▶ **TASK OBJECTIVE**: From the line containing "Ocelový stojanový popelník" through the last line of the material, copy every line exactly, both ends inclusive; do not copy pictures.

▶ **GIVEN DATA**:
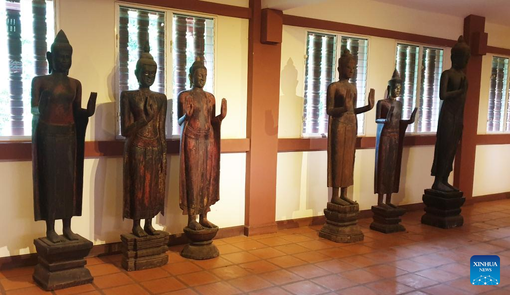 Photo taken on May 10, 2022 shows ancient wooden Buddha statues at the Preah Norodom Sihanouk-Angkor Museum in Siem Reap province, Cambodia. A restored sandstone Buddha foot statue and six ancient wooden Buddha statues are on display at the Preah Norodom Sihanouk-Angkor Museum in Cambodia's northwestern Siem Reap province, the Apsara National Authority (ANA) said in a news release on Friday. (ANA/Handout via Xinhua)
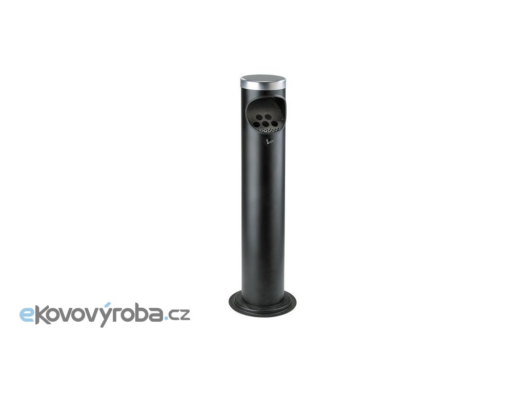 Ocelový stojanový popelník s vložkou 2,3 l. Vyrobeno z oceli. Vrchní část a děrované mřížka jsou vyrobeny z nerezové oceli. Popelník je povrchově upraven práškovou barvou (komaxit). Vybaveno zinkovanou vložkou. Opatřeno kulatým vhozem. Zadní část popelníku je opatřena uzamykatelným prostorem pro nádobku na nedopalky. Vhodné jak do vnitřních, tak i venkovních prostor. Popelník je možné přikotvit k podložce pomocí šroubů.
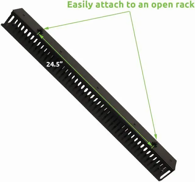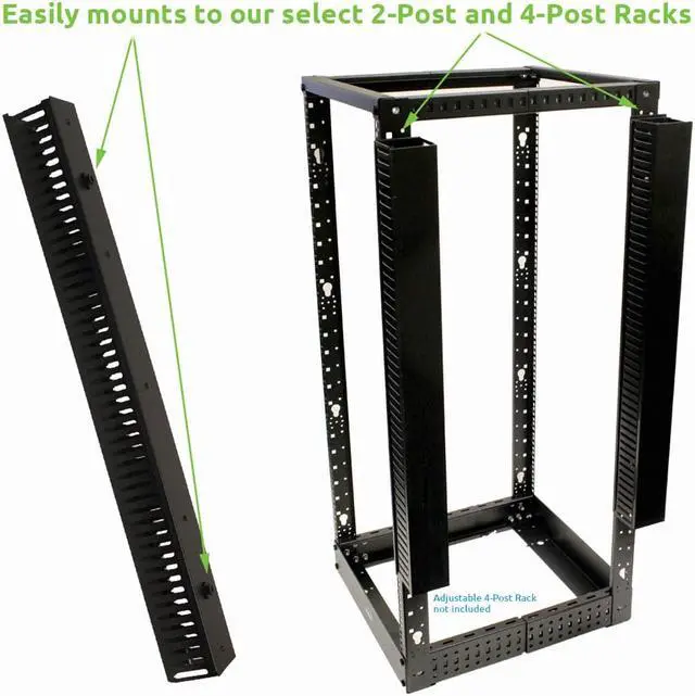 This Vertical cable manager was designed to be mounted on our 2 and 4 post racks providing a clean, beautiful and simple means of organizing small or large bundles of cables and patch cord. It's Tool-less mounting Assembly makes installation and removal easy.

▶ **EXERCISE RESPONSE**:
 Ocelový stojanový popelník s vložkou 2,3 l. Vyrobeno z oceli. Vrchní část a děrované mřížka jsou vyrobeny z nerezové oceli. Popelník je povrchově upraven práškovou barvou (komaxit). Vybaveno zinkovanou vložkou. Opatřeno kulatým vhozem. Zadní část popelníku je opatřena uzamykatelným prostorem pro nádobku na nedopalky. Vhodné jak do vnitřních, tak i venkovních prostor. Popelník je možné přikotvit k podložce pomocí šroubů.
 This Vertical cable manager was designed to be mounted on our 2 and 4 post racks providing a clean, beautiful and simple means of organizing small or large bundles of cables and patch cord. It's Tool-less mounting Assembly makes installation and removal easy.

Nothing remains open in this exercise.